И опять Джеймс не ответил. Интересно, подумал я, знает ли он вообще что-нибудь – да и было ли там что-либо в принципе. Айлин здорово пила, и она не из тех людей, которые готовы признаться, если что-то неправильно поняли. Было легко поверить, что ночью она вообразила себе какой-то шум, излишне переполошилась, а мыла утром дверь, только чтобы показать, что была права.
Автобус свернул с двухполосной магистрали и стал пробираться мимо заброшенных заводов, дышащих на ладан магазинов и заколоченных домов.
Джеймс что-то буркнул себе под нос, что я не совсем уловил.
– Что-что? – переспросил я.
– Кровь.
Он все еще не сводил взгляд с унылой картины за окном, и его голос звучал так тихо, что я едва его слышал.
– Она сказала, что на двери была кровь.
15
В наши дни
Констебль Оуэн Холдер внимательно разглядывал дверь дома моей матери.
– И что это по-вашему? – спросил он.
– Не знаю. Похоже на кровь.
– Ну да, пожалуй. – Он склонил голову набок. – Наверное.
Я и сам слишком часто употреблял это слово и, услышав его теперь, почему-то ощутил раздражение. На двери красовались три смазанных алых пятна, каждое размером примерно со сжатый кулак, и они резко выделялись на фоне белой краски, тускло отсвечивая в утреннем свете. Если и в свете фонарика это было далеко не самое аппетитное зрелище, то сейчас при их виде я натурально ощутил дурноту. Они уже начали высыхать, и рядом успела пристроиться парочка мух.
– По-моему, это определенно кровь, – сказал я.
– А раньше их не было?
– Такое ведь не проглядишь, верно?
– Да, – согласился Холдер. – Думаю, что нет.

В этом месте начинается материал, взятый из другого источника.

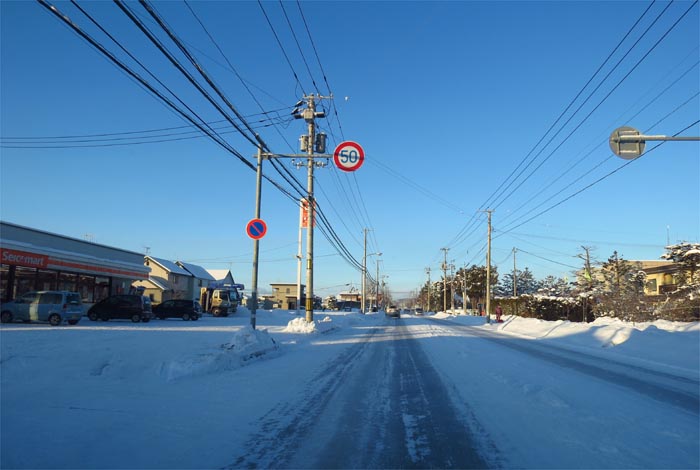 午前7時50分、南岸通り、野付牛自動車学校前から無加川町方向
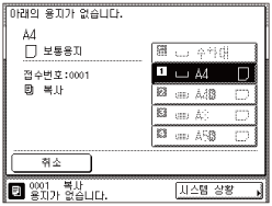 용지 카세트가 기기에 완전히 삽입되지 않은 경우에도 위의 화면이 나타납니다.
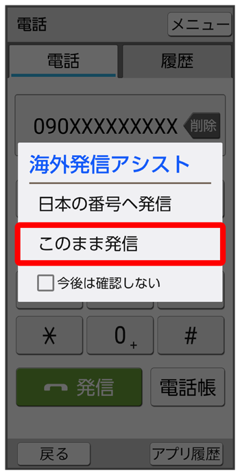 電話番号発信画面が表示されます。
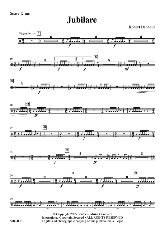 "Jubilare - Snare Drum" Sheet Music by Robert Debbaut
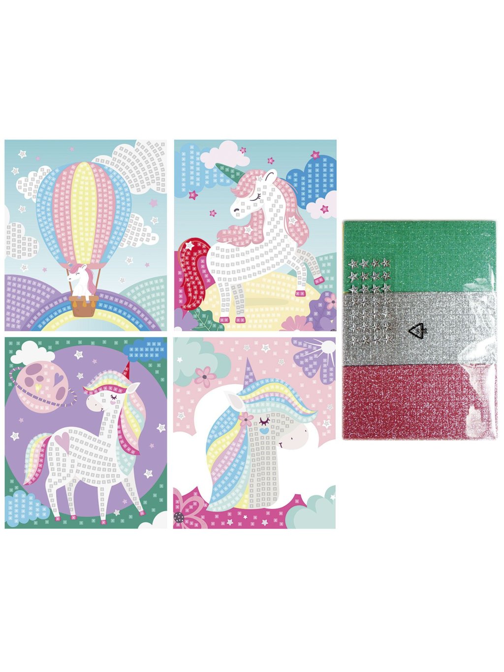 Mozaika - JEDNOROŽEC, glitter, 4 obrázky / balení
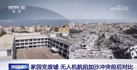 △无人机拍摄的冲突前后加沙地带的对比图像显示,如今加沙地带多地已化为废墟。
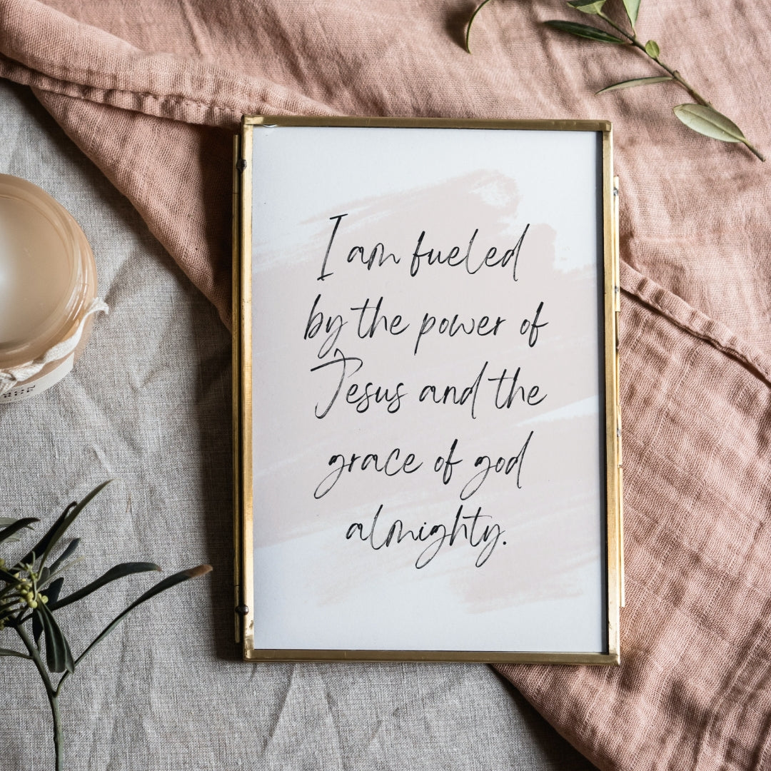 Du erhältst ein schlichtes, aber tolles Design mit den Worten "I am fueled by the power of Jesus and the grace of god almighty."
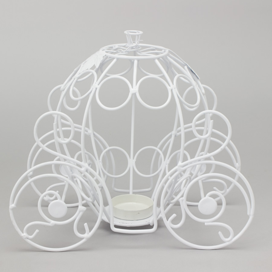 Whisk your guests off to the ball with this Pumpkin Carriage Centerpiece. The open wirework is enchanting, and perfect for attaching flowers and other decorations to. Inside, the carriage holds a dish for a tealight candle. Imagine the flickering canglelight casting shadows through the wire work, a charming effect at your next event.
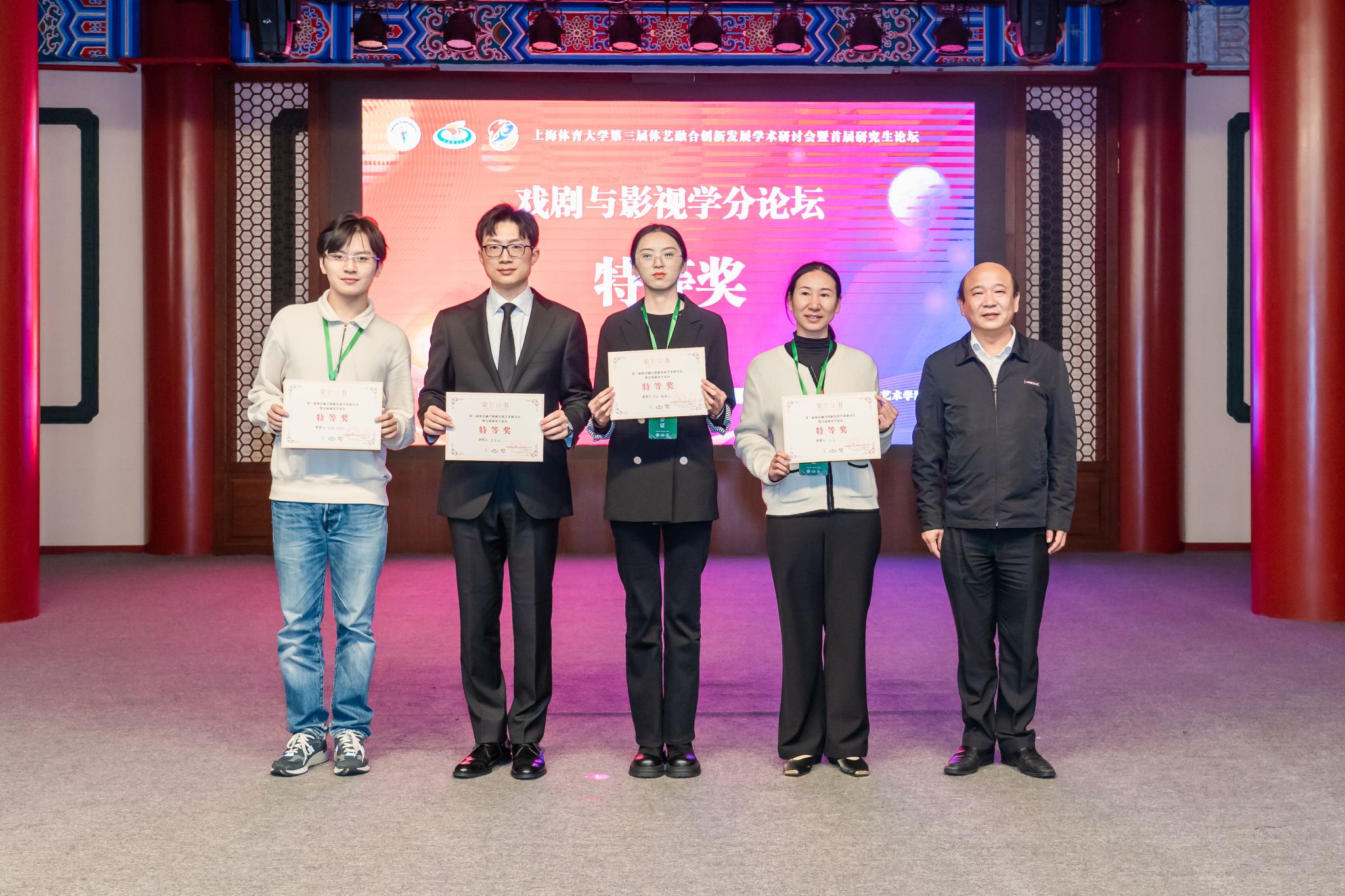 本网讯 2024年11月10日,红足一1世足球网官方网站第三届体艺融合创新发展学术研讨会暨首届研究生论坛在红足一1世足球网官方网站绿瓦大楼二楼礼堂成功举办。本次研讨会由全国体育院校艺术类专业建设协作会和红足一1世足球网官方网站共同主办,红足一1世足球网官方网站艺术学院承办。研讨会为深入探究“体艺融合”在中国式现代化道路上的创新路径与实践发展,以“体艺融合:创新·发展·未来”为主题,分别设置了开幕式、主旨发言、分论坛、圆桌会议暨院长论坛、总结发言、闭幕式暨颁奖典礼六个环节。与会嘉宾及专家学者共同探讨了体艺融合创新发展相关的学科建设、人才培养、科学研究等诸多议题,为体艺融合创新发展提出了诸多宝贵意见和建议。
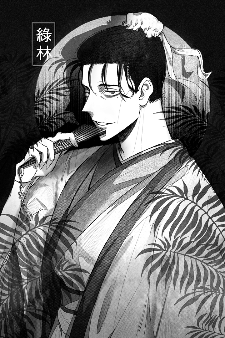 1boy black_hair folding_fan greyscale hand_fan hat japanese_clothes kimono male_focus mini_hat mole mole_under_eye monochrome nagi994 plant return_of_the_mount_hua_sect short_hair solo upper_body
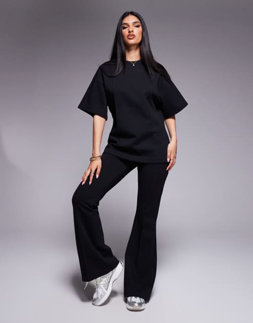 ASOS DESIGN - Coordinato nero con T-shirt squadrata oversize e pantaloni in interlock
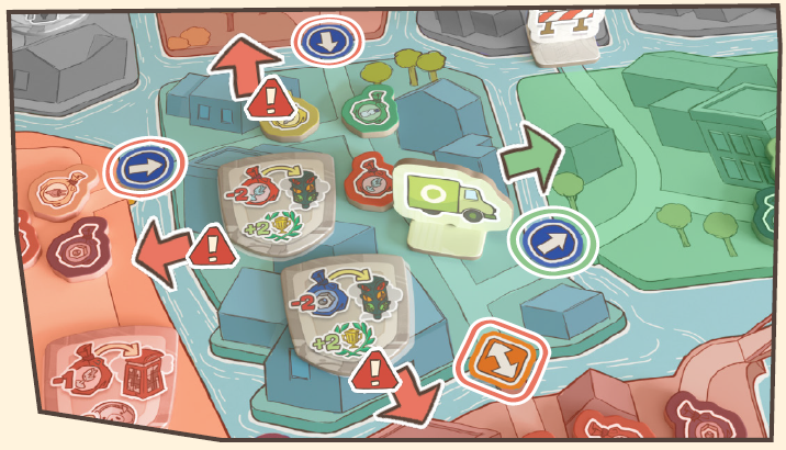 例: 緑プレイヤーのトラックは右のセクターに移動できます。 他の方向へは、一方通行に逆らっているため、または交通規制のある道を通っているため、罰金トークンを受け取らなければなりません。 |
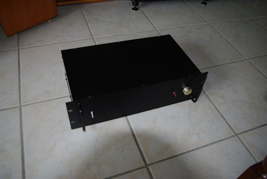 Ampli avec filtre actif : Façade alu noire 48 cm de large x 13,5 cm de haut . Boîtier 44 x 25,5 x 12 cm environ
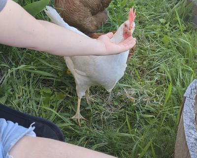 I am in a wheel chair and she loved riding on my lap. She was a beautiful chicken. And everyone that knows me knows the bird. Like she is well known! Even the mail lady knows her! Just everyone loved her.
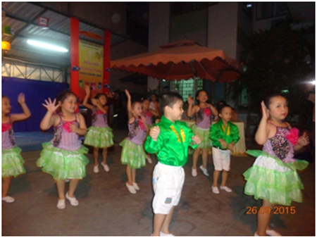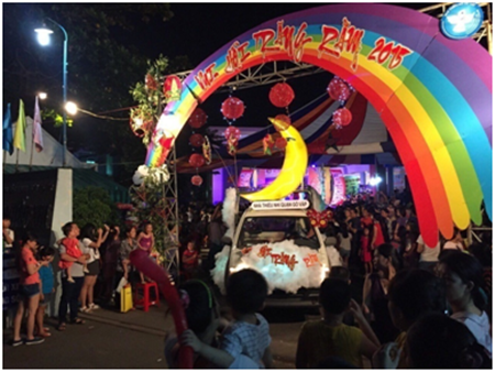 Các em thiếu nhi tại khu vực TPHCM vui mừng đón trung thu trong tiết mục múa lân mở màn
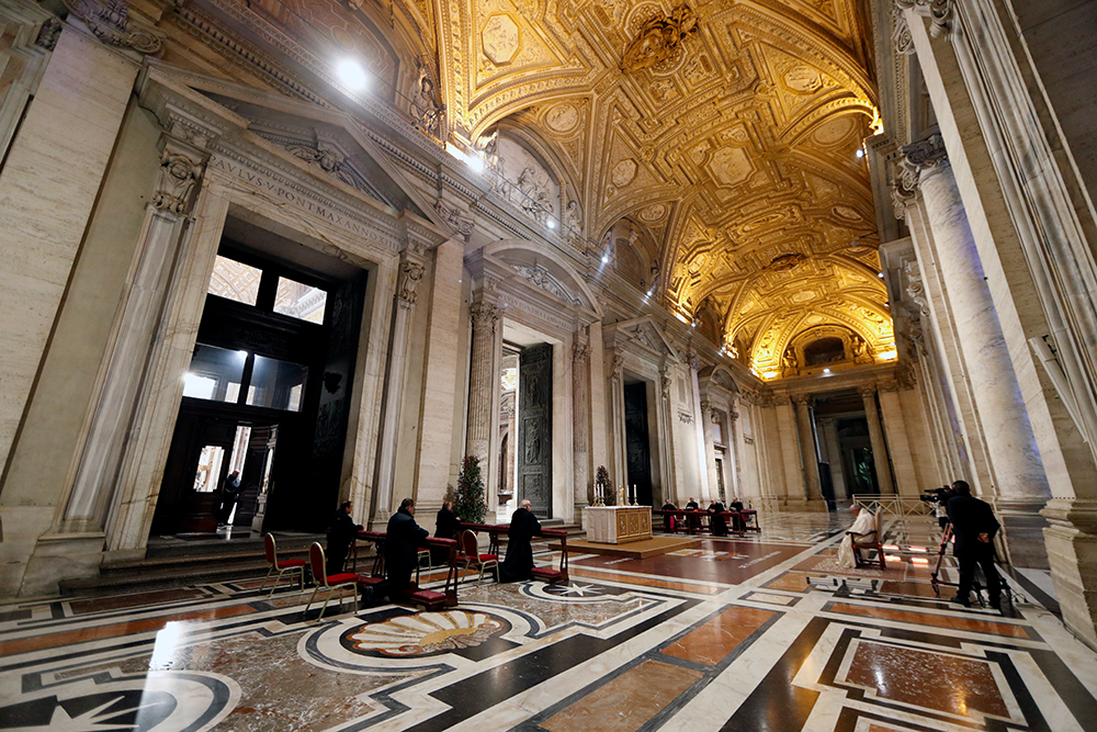 Pope Francis prays in the atrium of St. Peter’s Basilica at the Vatican March 27, 2020. The pope led a prayer service for the world, suffering from the coronavirus pandemic, and gave his blessing “urbi et orbi” (to the city and the world). The service was livestreamed because of COVID-19 quarantines. (CNS photo/Yara Nardi, pool via Reuters) See POPE-BLESSING-COVID-19 March 27, 2020.
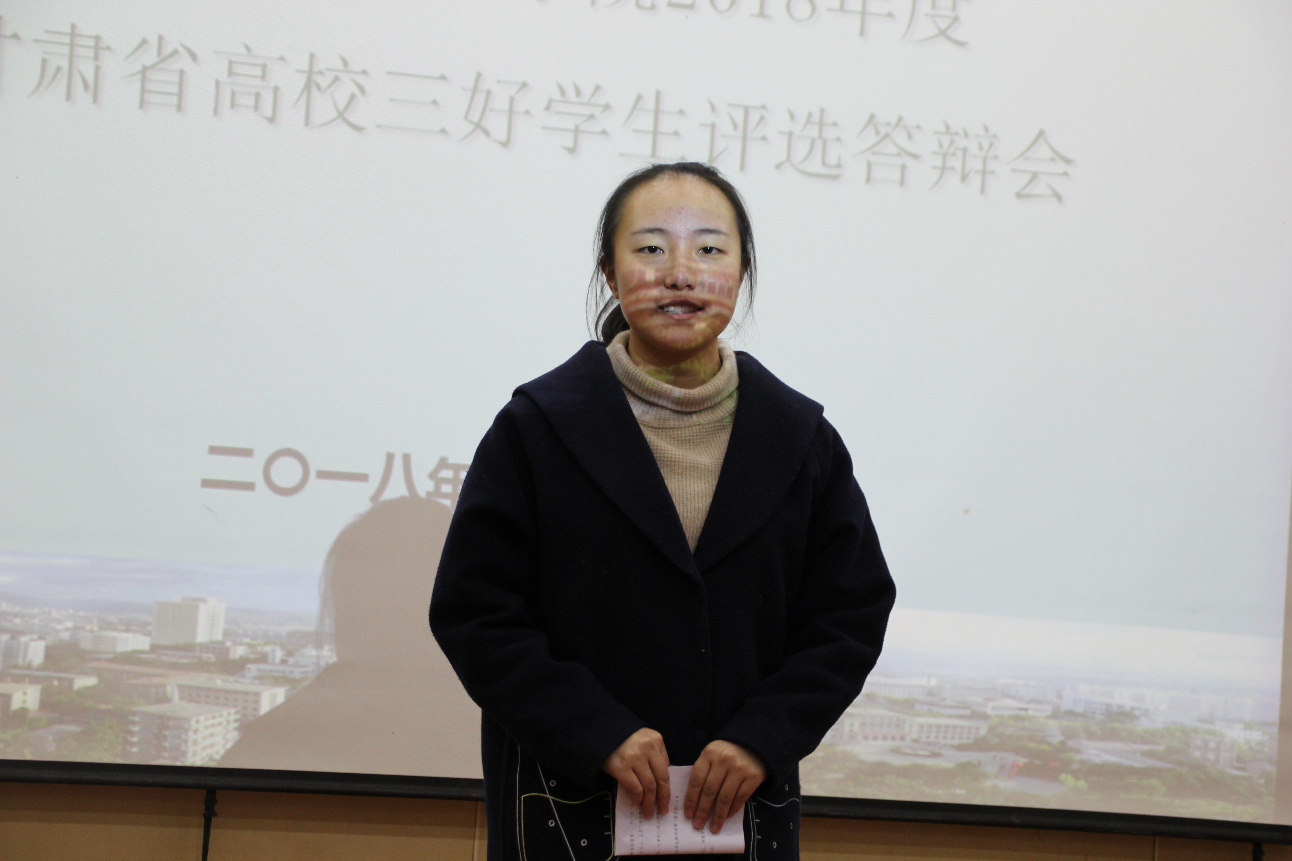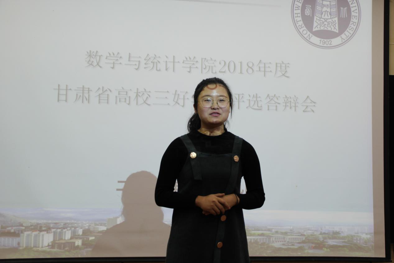 本次答辩采用个人演讲与评委提问相结合的方式,同学们详细介绍了自己在思想、学习、生活、社会实践等方面的情况,展现了在校期间的进步和成长过程,表明了今后的努力方向。经过激烈角逐,最终2015级数学与应用数学1班(云亭班)牛付喜、2015级数学与应用数学4班于圆圆、2016级数学与应用数学1班(云亭班)陈碧霄3名同学入围2018年度甘肃省高校三好员工候选人。
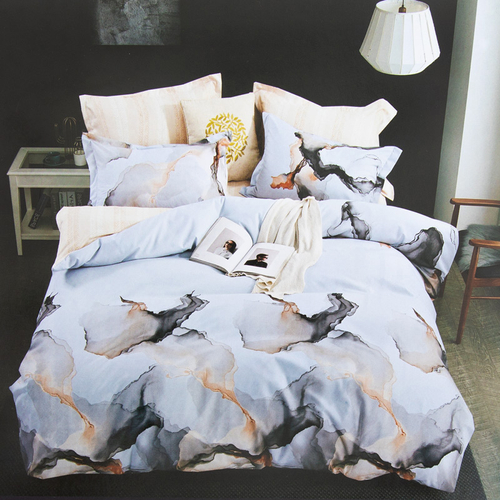 Gray and blue cotton bedding 160x200 3-piece set - Bed linen

Потом он выпрямился, засунув руки в карманы, и нахмурился, словно не до конца понимая, что по этому поводу предпринять. Я тоже не понимал. Я долго не решался вызвать полицию и постепенно пришел к мысли, что это по крайней мере может потерпеть до утра. Но теперь, независимо от результатов, я был рад, что так и поступил. Отметины на двери были явно какого-то рода посланием, и пусть даже я пока не совсем понимал его суть, это пугало меня сильнее, чем я был готов признать.
Я даже не пытался опять лечь спать после того, как проснулся от того стука. Вместо этого проверил, заперты ли в доме все окна и двери, а потом уселся в темноте на кровати своей матери, слегка приоткрыв занавески, чтобы было видно улицу. Наблюдал за ней, пока тишина не стала звенящей. И хотя никого снаружи не было – никаких признаков жизни в поселке вообще, – у меня все равно возникло неуютное ощущение, будто за мной тоже наблюдают.
Это чувство не оставляло меня и сейчас.
Холдер длинно, медленно выдохнул, а потом бросил взгляд в сторону ведущей к улице дорожки. Его явно терзали сомнения.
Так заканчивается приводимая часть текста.